Peroxisome proliferator activated receptors (PPAR)s are nuclear transcription factors of the steroid receptor super-family. One member, PPARγ, a critical transcription factor in adipogenesis, is expressed in ECV304 cells, and when activated participates in the induction of cell death by apoptosis. Here we describe a clone of ECV304 cells, ECV-ACO.Luc, which stably expresses a reporter gene for PPAR activation. ECV-ACO.Luc respond to the PPARγ agonists, 15-deoxy-Δ12,14 PGJ2, and ciglitizone, by inducing luciferase expression. Furthermore, using ECV-ACO.Luc, we demonstrate that a newly described PPARγ antagonist, bisphenol A diglycidyl ether (BADGE) has agonist activities. Similar to 15-deoxy-Δ12,14 PGJ2, BADGE induces PPARγ activation, nuclear localization of the receptor, and induces cell death.
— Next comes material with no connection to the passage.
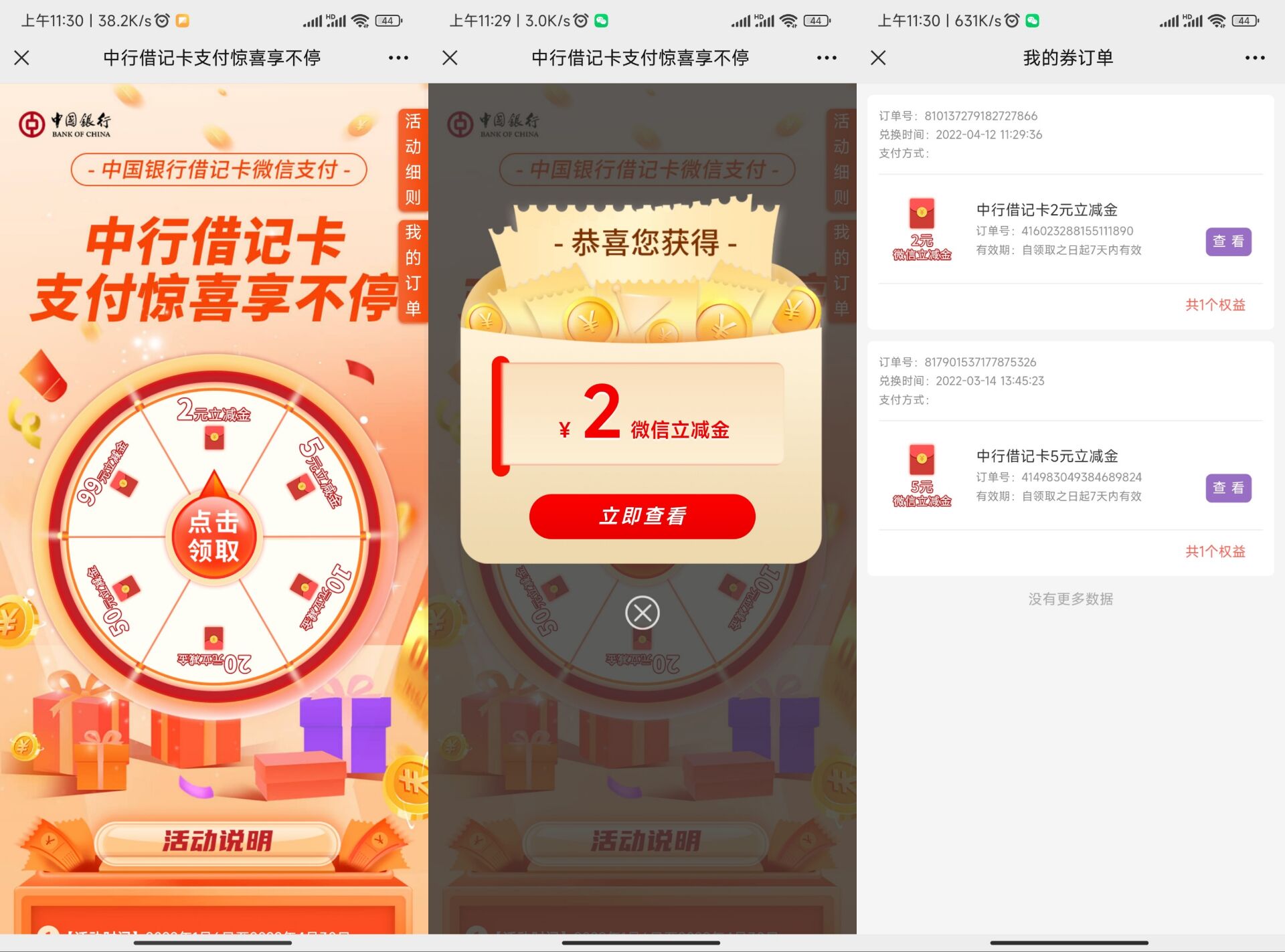 微信打开->点击转盘抽奖->抽中后自动到卡包->立减金满10元可用

British Journal of Pharmacology (2000) 131, 651–654; doi:10.1038/sj.bjp.0703628


Abbreviations:
BADGE

bisphenol A diglycidyl ether

15d-PGJ2

15-deoxy-Δ12,14 PGJ2

PPAR

peroxisome proliferator-activated receptor

PPRE

PPAR response element

RXR

retinoid X receptor

Introduction

  1. Top of page
  2. Abstract
  3. Introduction
  4. Methods
  5. Results
  6. Discussion
  7. Acknowledgments
  8. References

Peroxisome proliferator-activated receptors (PPAR) are a family of three nuclear receptors, −α (NR1C1), −δ (also referred to as NUC1; NR1C2), and −γ (NR1C3), which heterodimerize with the retinoid X receptors (RXR; Kliewer et al., 1992). PPARα is found predominantly in the liver, heart, kidney, brown adipose and stomach mucosa; PPARγ is found primarily in adipose tissue, where it plays a critical role in the differentiation of pre-adipocytes into adipocytes; while PPARδ is almost ubiquitously expressed, with a function that is relatively unknown (Kliewer et al., 1994; Mukherjee et al., 1997). PPAR receptors can be activated by a number of ligands (see Bishop-Bailey, 2000), including WY-14643 (selective for PPARα), the anti-diabetic thiazoldinediones (PPARγ selective), and a number of eicosanoids, including, 12-HETE, 15-HETE, 13-HODE, and the prostaglandin's, PGA1, PGA2, PGI2, and PGD2 and the PGD2 dehydration product 15-deoxy-Δ12,14 PGJ2 (15d-PGJ2; Forman et al., 1995; Kliewer et al., 1995). Very few PPAR antagonists have been described. One notable exception, BADGE, is a PPARγ antagonist in 3T3-L1, and 3T3-F442A preadiopocyte cells (Wright et al., 2000).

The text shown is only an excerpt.